About this task: Below, find the line containing "Manado, detiKawanua.com –" and the line containing "SALE) (Yonhap) |"; reproduce exactly those two and every line between them, omitting pictures.

** Recorded information follows **

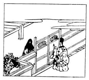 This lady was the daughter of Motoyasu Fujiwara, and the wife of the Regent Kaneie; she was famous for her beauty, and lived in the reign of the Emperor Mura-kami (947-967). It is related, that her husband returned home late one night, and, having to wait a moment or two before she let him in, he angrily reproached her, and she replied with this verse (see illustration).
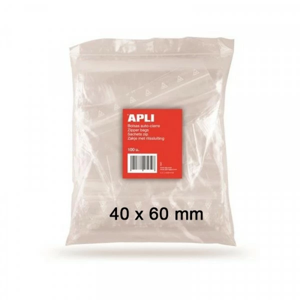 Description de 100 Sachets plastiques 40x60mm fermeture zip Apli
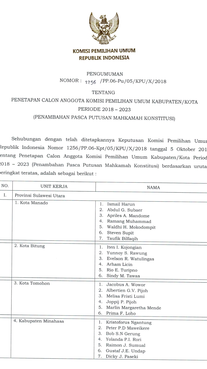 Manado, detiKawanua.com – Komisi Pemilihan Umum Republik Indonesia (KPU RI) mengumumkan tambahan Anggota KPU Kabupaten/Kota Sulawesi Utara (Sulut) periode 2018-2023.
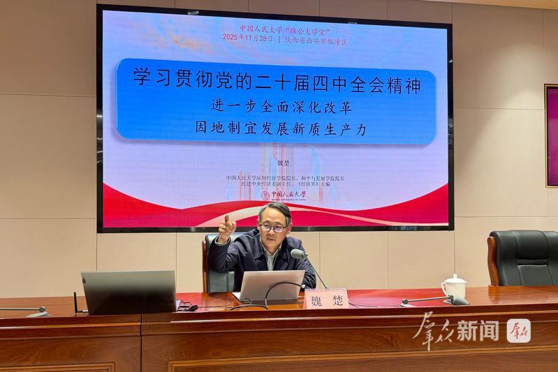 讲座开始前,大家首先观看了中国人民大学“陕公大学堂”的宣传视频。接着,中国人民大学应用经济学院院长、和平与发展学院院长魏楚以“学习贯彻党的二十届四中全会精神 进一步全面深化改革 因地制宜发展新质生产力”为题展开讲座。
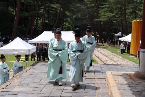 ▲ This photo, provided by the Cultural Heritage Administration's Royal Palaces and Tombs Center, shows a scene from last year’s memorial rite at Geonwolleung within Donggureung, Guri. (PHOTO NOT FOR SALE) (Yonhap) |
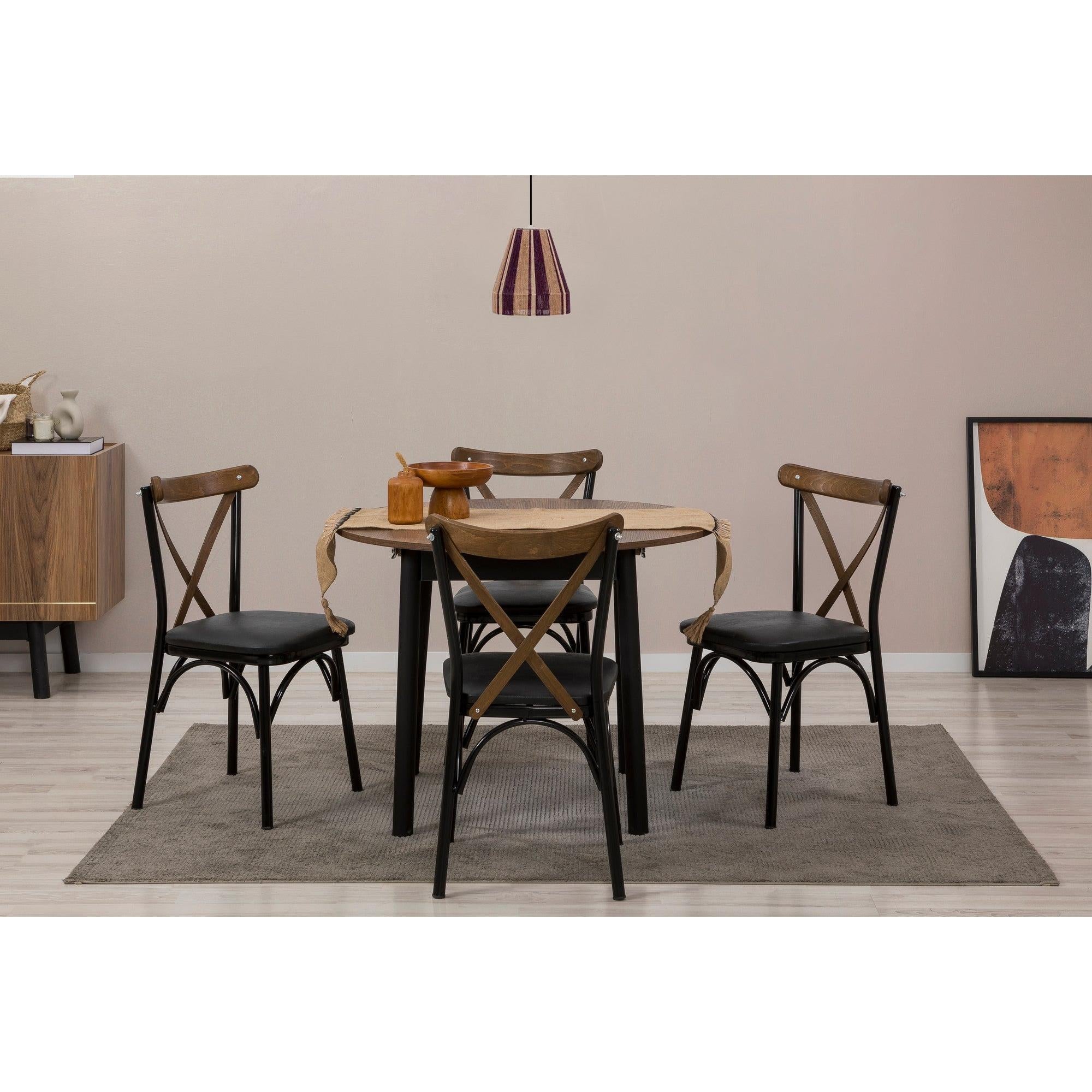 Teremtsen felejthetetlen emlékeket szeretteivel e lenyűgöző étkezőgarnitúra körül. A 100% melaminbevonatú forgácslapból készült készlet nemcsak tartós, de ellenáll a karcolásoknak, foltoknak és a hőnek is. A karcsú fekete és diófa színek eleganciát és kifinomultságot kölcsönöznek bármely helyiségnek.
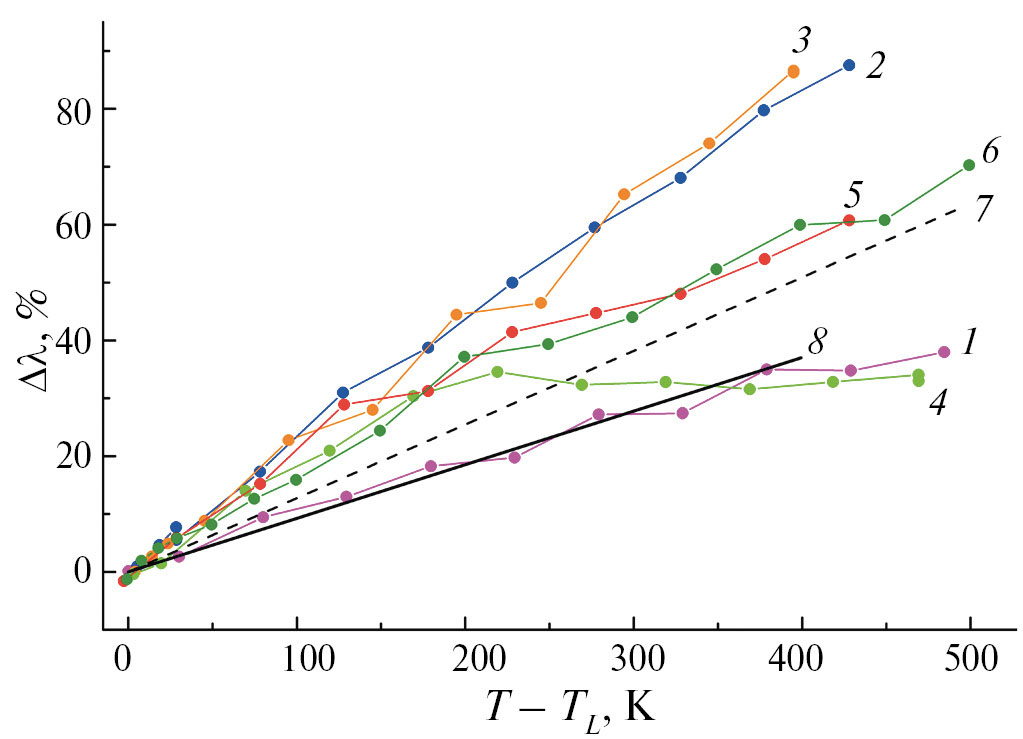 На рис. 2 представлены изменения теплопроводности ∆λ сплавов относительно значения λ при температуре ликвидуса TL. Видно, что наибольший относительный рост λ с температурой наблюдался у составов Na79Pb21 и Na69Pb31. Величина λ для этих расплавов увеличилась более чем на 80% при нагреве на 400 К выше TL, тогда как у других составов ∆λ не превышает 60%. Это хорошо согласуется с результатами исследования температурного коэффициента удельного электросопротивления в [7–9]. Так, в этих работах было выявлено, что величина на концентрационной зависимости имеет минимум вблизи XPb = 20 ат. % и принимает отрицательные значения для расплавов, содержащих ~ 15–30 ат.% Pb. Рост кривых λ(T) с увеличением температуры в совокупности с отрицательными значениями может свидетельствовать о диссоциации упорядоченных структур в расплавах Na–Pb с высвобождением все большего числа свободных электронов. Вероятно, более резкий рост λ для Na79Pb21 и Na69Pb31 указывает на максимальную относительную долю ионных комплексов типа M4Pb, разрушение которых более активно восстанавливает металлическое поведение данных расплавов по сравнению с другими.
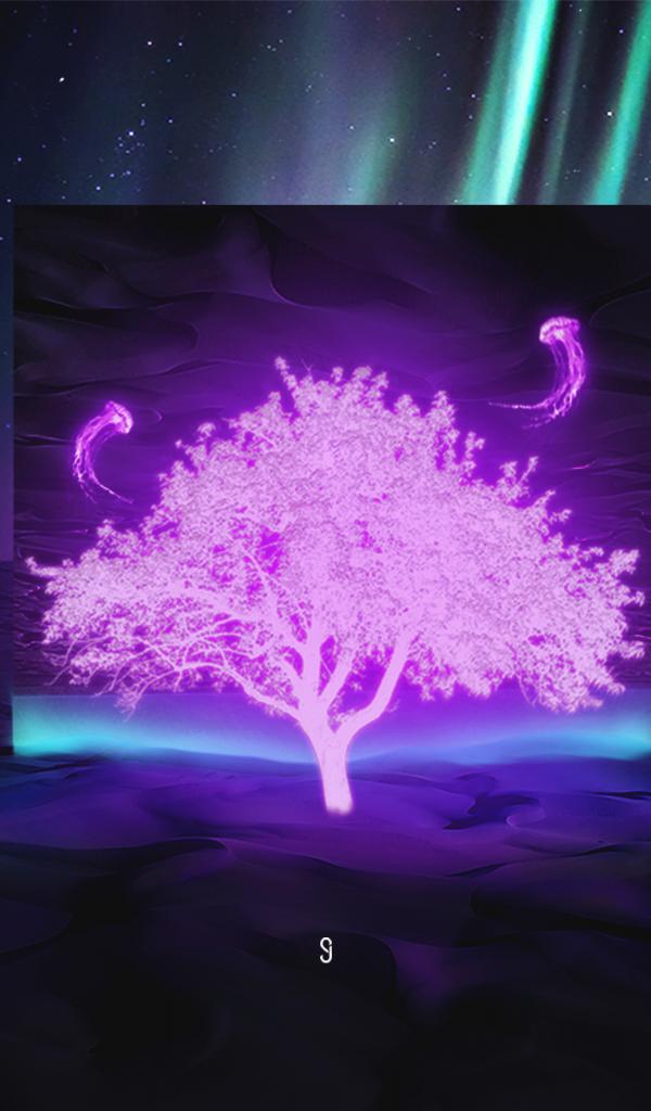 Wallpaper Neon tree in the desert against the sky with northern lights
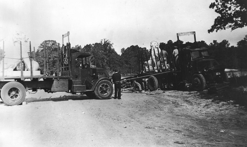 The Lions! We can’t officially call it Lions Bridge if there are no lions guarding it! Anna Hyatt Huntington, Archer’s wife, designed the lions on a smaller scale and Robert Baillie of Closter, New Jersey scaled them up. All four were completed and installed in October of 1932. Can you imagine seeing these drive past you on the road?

** End of Recorded information **
** Recorded information follows **

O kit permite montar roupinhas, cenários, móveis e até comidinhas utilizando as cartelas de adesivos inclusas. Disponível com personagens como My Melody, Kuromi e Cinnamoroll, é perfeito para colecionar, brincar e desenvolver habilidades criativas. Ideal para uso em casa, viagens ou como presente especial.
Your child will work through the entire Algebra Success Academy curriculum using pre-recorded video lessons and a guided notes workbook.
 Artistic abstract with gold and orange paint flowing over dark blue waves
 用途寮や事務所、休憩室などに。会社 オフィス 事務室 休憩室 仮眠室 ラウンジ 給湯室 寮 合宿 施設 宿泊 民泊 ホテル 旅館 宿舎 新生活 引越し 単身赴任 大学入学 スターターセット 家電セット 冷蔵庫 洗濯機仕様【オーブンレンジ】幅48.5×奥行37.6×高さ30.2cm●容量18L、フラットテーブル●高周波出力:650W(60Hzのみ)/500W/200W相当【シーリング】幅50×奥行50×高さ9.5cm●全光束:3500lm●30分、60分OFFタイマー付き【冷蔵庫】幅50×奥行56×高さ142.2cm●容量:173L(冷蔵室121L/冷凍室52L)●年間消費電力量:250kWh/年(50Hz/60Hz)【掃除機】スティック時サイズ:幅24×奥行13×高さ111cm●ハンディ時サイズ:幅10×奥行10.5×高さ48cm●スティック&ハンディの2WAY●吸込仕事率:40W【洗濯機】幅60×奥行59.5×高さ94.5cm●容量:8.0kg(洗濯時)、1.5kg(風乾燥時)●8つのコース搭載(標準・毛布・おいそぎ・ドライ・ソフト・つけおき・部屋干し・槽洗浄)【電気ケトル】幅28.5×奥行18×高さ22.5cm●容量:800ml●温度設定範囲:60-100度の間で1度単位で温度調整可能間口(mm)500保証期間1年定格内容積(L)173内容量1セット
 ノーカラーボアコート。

** End of Recorded information **
** Recorded information follows **

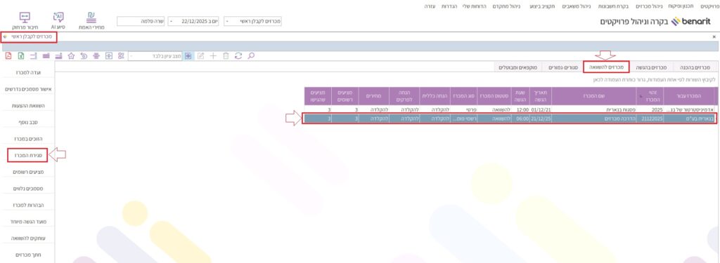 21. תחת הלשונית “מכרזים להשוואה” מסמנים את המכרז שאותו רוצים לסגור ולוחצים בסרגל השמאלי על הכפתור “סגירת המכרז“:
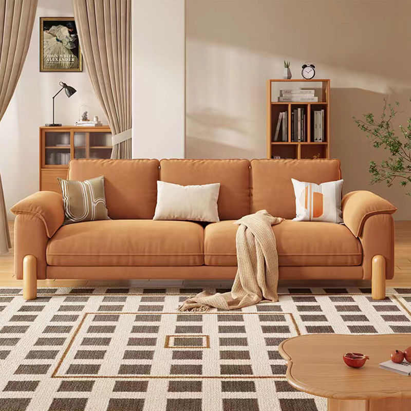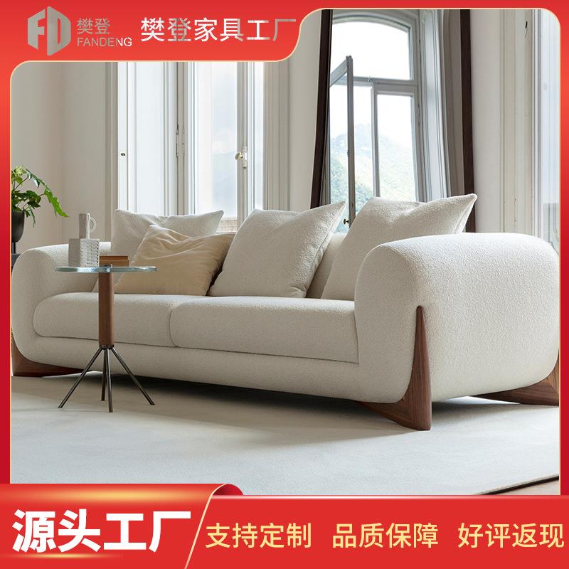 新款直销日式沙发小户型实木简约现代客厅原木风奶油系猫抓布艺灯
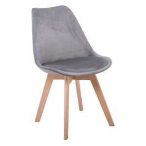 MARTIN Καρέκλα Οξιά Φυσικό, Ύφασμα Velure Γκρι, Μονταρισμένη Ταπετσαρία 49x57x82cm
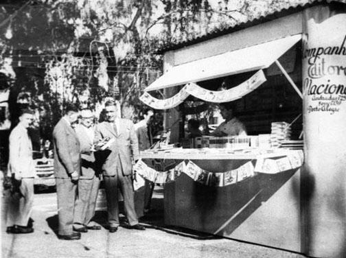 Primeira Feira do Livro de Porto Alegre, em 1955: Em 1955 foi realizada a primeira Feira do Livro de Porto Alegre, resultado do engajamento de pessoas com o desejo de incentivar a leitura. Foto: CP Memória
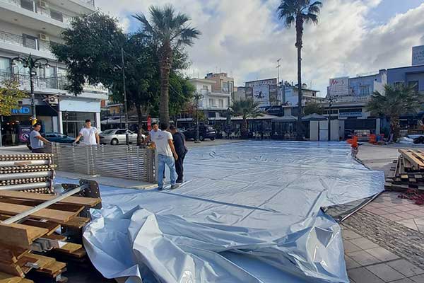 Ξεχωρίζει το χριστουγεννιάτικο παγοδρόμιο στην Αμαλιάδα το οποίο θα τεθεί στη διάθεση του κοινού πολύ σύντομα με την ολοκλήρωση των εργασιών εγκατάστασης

** End of Recorded information **

Answer to this exercise:
 Manado, detiKawanua.com – Komisi Pemilihan Umum Republik Indonesia (KPU RI) mengumumkan tambahan Anggota KPU Kabupaten/Kota Sulawesi Utara (Sulut) periode 2018-2023.
 讲座开始前,大家首先观看了中国人民大学“陕公大学堂”的宣传视频。接着,中国人民大学应用经济学院院长、和平与发展学院院长魏楚以“学习贯彻党的二十届四中全会精神 进一步全面深化改革 因地制宜发展新质生产力”为题展开讲座。
 ▲ This photo, provided by the Cultural Heritage Administration's Royal Palaces and Tombs Center, shows a scene from last year’s memorial rite at Geonwolleung within Donggureung, Guri. (PHOTO NOT FOR SALE) (Yonhap) |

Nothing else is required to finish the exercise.